■ EXERCISE REQUIREMENTS: Please write out only the lines from the line with "- In the hourly" to the line with "Mgr. Csaba Csízi", inclusive, exactly as they stand below, without the pictures.

*** RECORDS FOR THIS EXERCISE ***

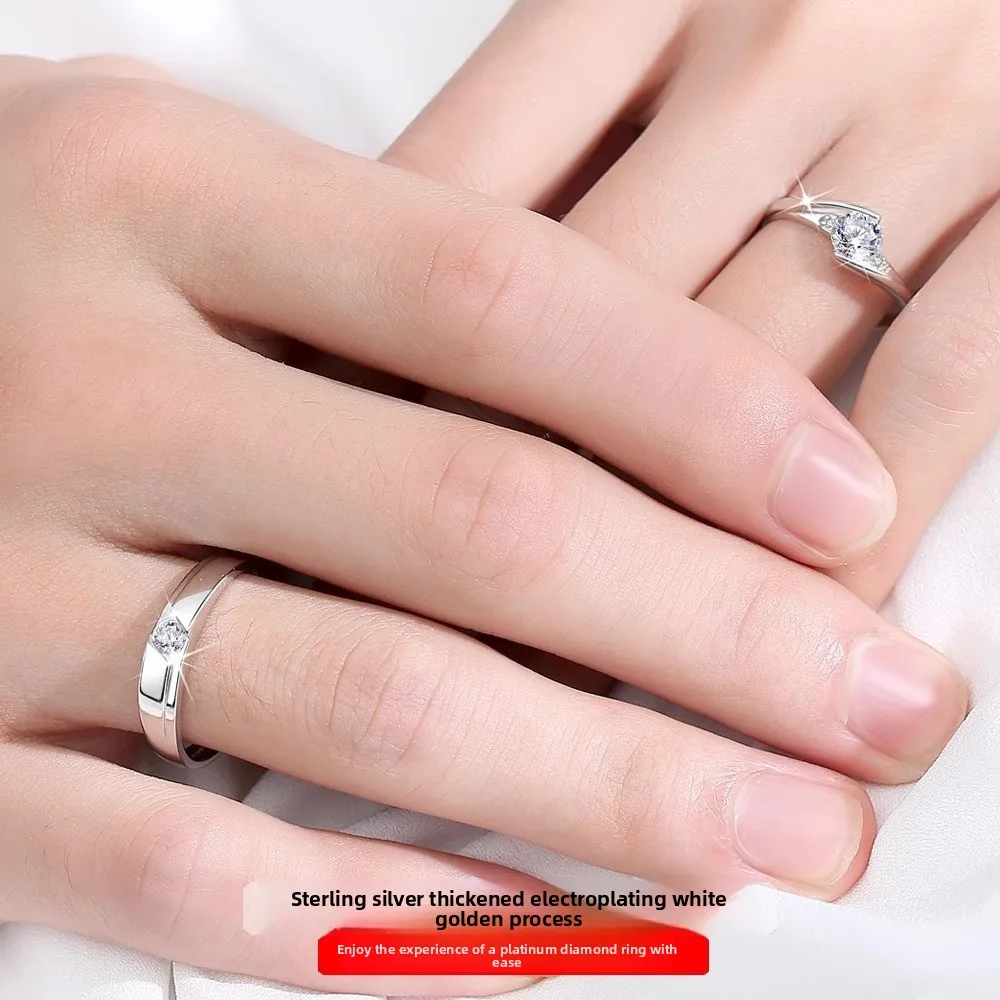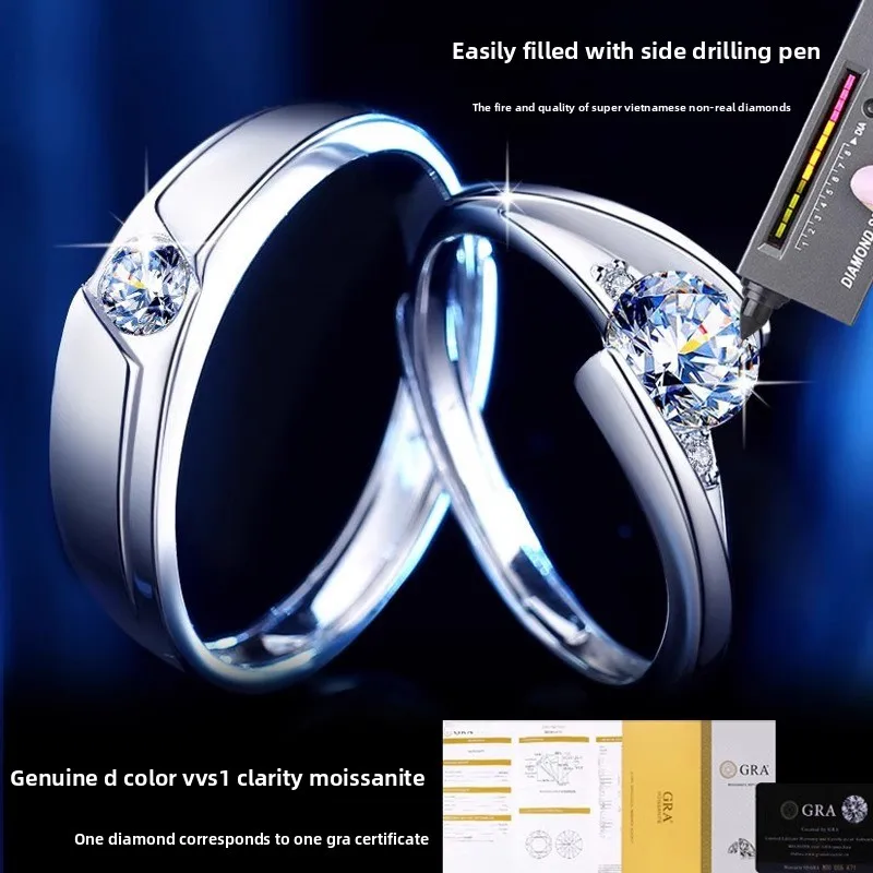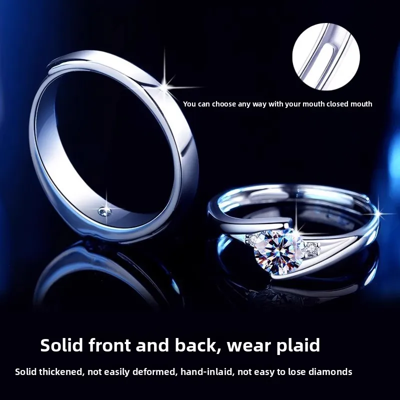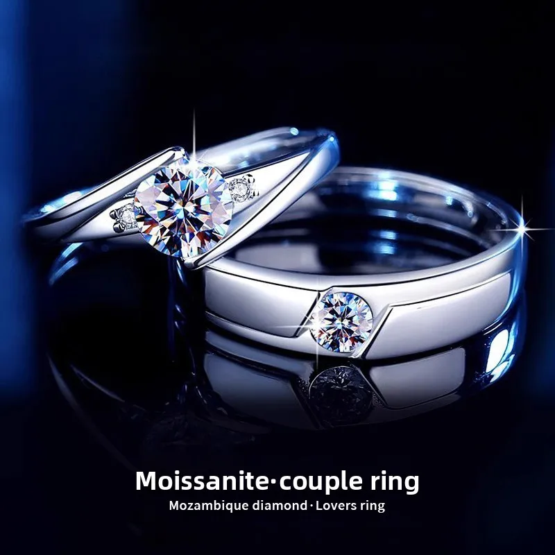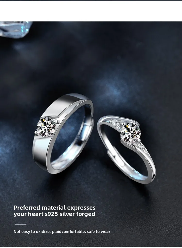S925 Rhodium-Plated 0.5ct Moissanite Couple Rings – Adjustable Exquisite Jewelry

***
*** RECORDS FOR THIS EXERCISE ***

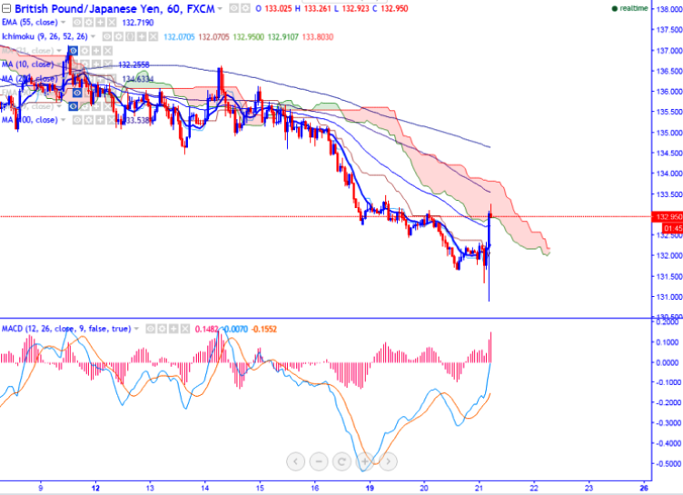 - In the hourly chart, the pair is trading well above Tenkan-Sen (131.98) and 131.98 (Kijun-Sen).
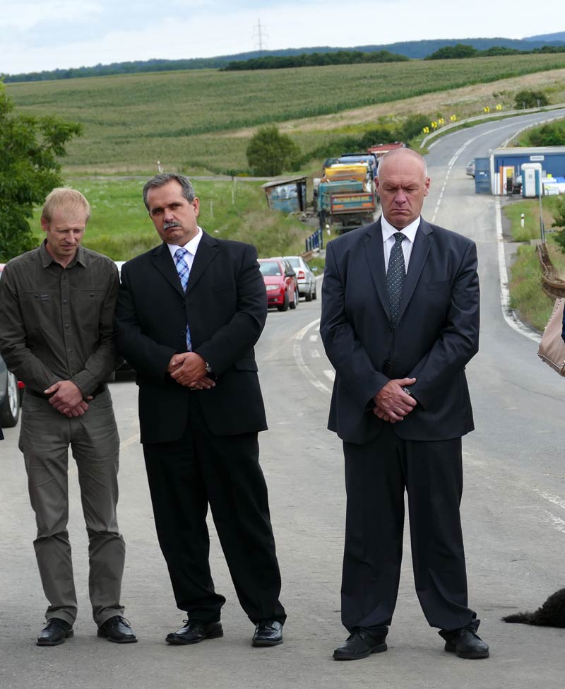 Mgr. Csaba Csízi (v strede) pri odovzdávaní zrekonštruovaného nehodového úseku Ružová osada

***

■ FINISHED EXERCISE:
 - In the hourly chart, the pair is trading well above Tenkan-Sen (131.98) and 131.98 (Kijun-Sen).
 Mgr. Csaba Csízi (v strede) pri odovzdávaní zrekonštruovaného nehodového úseku Ružová osada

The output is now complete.